Corsois L, Boman F, Sfeir R, Mention K, Michaud L, Poddevin F, Mestdagh P, Gottrand F
Anatomie et cytologie pathologiques, site Eurasanté, CHRU, 59037 Lille cedex, France.
Arch Pediatr. 2004 Oct;11(10):1205-8. doi: 10.1016/j.arcped.2004.06.027.

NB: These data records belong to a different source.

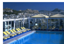
Athens Ledra Marriott

Beijing, China Adjacent to the remaining ancient Ming Dynasty City Wall and a 5 minute driving to Forbidden City, Tiananmen Square, and Silk Market the hotel provides the newest conference technology and all services required to support your successful event. Rooms and Suites 649 Theater 1,100, Classroom 600, Reception 1,100, Banquet 720 See details here!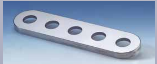
Type 99.LSG: Fused Metal Elongated Sight Glass for Rectangular & Obround Sight Windows and Armored Liquid Level Gages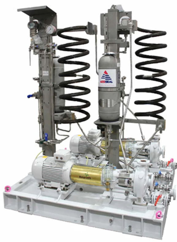
Amarinth API 610 OH1 pumps on bespoke skid ready for shipment to Kanfa

Home / Fluids Handling / Amarith delivers API 610 OH1 pumps to Kanfa for the second Karish FPSO oil train

Hirschsprung's disease (HD) involves the entire colon in less than 5% of cases, and the association of extensive HD with intestinal malrotation is very rare. This association of symptoms may delay both diagnosis and treatment. An infant presented with an intermittent occlusive syndrome that began neonatally. Intestinal malrotation was diagnosed radiologically, and treated surgically when the child was 2 months old. However, a chronic occlusion persisted. Biopsies of the rectum and the appendix demonstrated an absence of neurons in intestinal plexi. When the child was 17 months old, ileostomy and surgical excision of the segment affected by HD (the colon and terminal ileum) were performed. An ileoanal anastomosis was performed at the age of 29 months, with favorable outcome. The persistence of symptoms of intestinal occlusion after attempted treatment of intestinal malrotation must therefore suggest the possibility of associated HD in a young child.

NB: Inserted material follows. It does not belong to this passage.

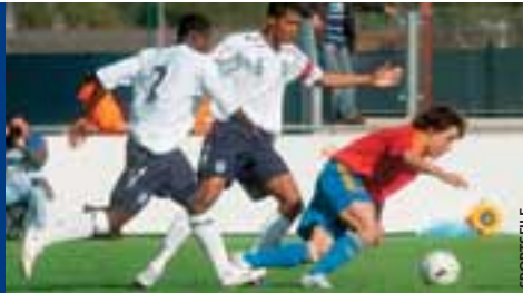
Spain and England, who met in this year's European Under-17 Championship final, are taking part in the FIFA U-17 World Cup in Korea.

先天性巨结肠(HD)在不到5%的病例中累及整个结肠,广泛型HD与肠旋转不良的关联非常罕见。这种症状关联可能会延迟诊断和治疗。一名婴儿自出生起就出现间歇性肠梗阻综合征。经放射学诊断为肠旋转不良,并在患儿2个月大时进行了手术治疗。然而,慢性肠梗阻持续存在。直肠和阑尾活检显示肠神经丛中无神经元。患儿17个月大时,进行了回肠造口术以及对受HD影响的节段(结肠和回肠末端)进行手术切除。29个月大时进行了回肠肛管吻合术,结果良好。因此,在尝试治疗肠旋转不良后肠梗阻症状持续存在,必须提示幼儿存在相关HD的可能性。